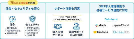 電子帳簿保存法や建設業法などの各種法令に加え、国内外の第三者機関によるセキュリティ認証の取得により、高い安全性を評価されているほか、SMS本人確認機能や他の業務サービス・基幹システムとの連携に加え、導入時の支援サービスや、誰もがご利用いただける電話サポート窓口の設置等、サポート体制も充実しています。
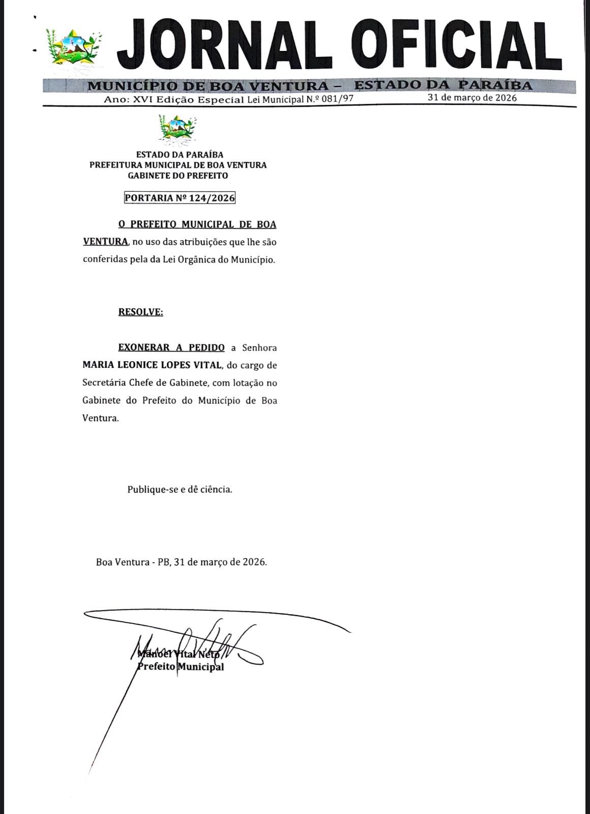 A Prefeitura de Boa Ventura oficializou a exoneração da secretária-chefe de Gabinete, Leonice Lopes. A medida foi publicada no Jornal Oficial do Município por meio da Portaria nº 124/2026, assinada pelo prefeito Vital Neto, com data de 31 de março de 2026.
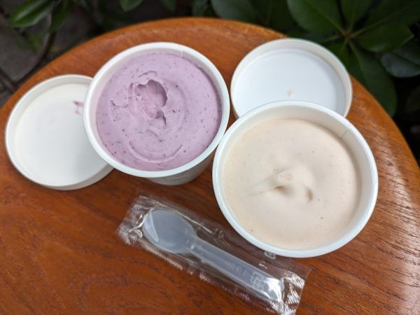 阿蘇のブルーベリーは、薄紫色がキレイな自然な甘さで、毎日食べたい熊本の素材を中心に使った自然派アイスクリーム!さくらミルクは、季節限定のアイスです。丁寧に育てられた農家さんからの農産物を主原料とし、旬の果実や野菜をたっぷりと使用した新鮮でフレッシュ感のあるアイスです。

WHAT TO DO: Retype each line above precisely, please. Skip anything that is a picture.

ANSWER TO THE EXERCISE:
 電子帳簿保存法や建設業法などの各種法令に加え、国内外の第三者機関によるセキュリティ認証の取得により、高い安全性を評価されているほか、SMS本人確認機能や他の業務サービス・基幹システムとの連携に加え、導入時の支援サービスや、誰もがご利用いただける電話サポート窓口の設置等、サポート体制も充実しています。
 A Prefeitura de Boa Ventura oficializou a exoneração da secretária-chefe de Gabinete, Leonice Lopes. A medida foi publicada no Jornal Oficial do Município por meio da Portaria nº 124/2026, assinada pelo prefeito Vital Neto, com data de 31 de março de 2026.
 阿蘇のブルーベリーは、薄紫色がキレイな自然な甘さで、毎日食べたい熊本の素材を中心に使った自然派アイスクリーム!さくらミルクは、季節限定のアイスです。丁寧に育てられた農家さんからの農産物を主原料とし、旬の果実や野菜をたっぷりと使用した新鮮でフレッシュ感のあるアイスです。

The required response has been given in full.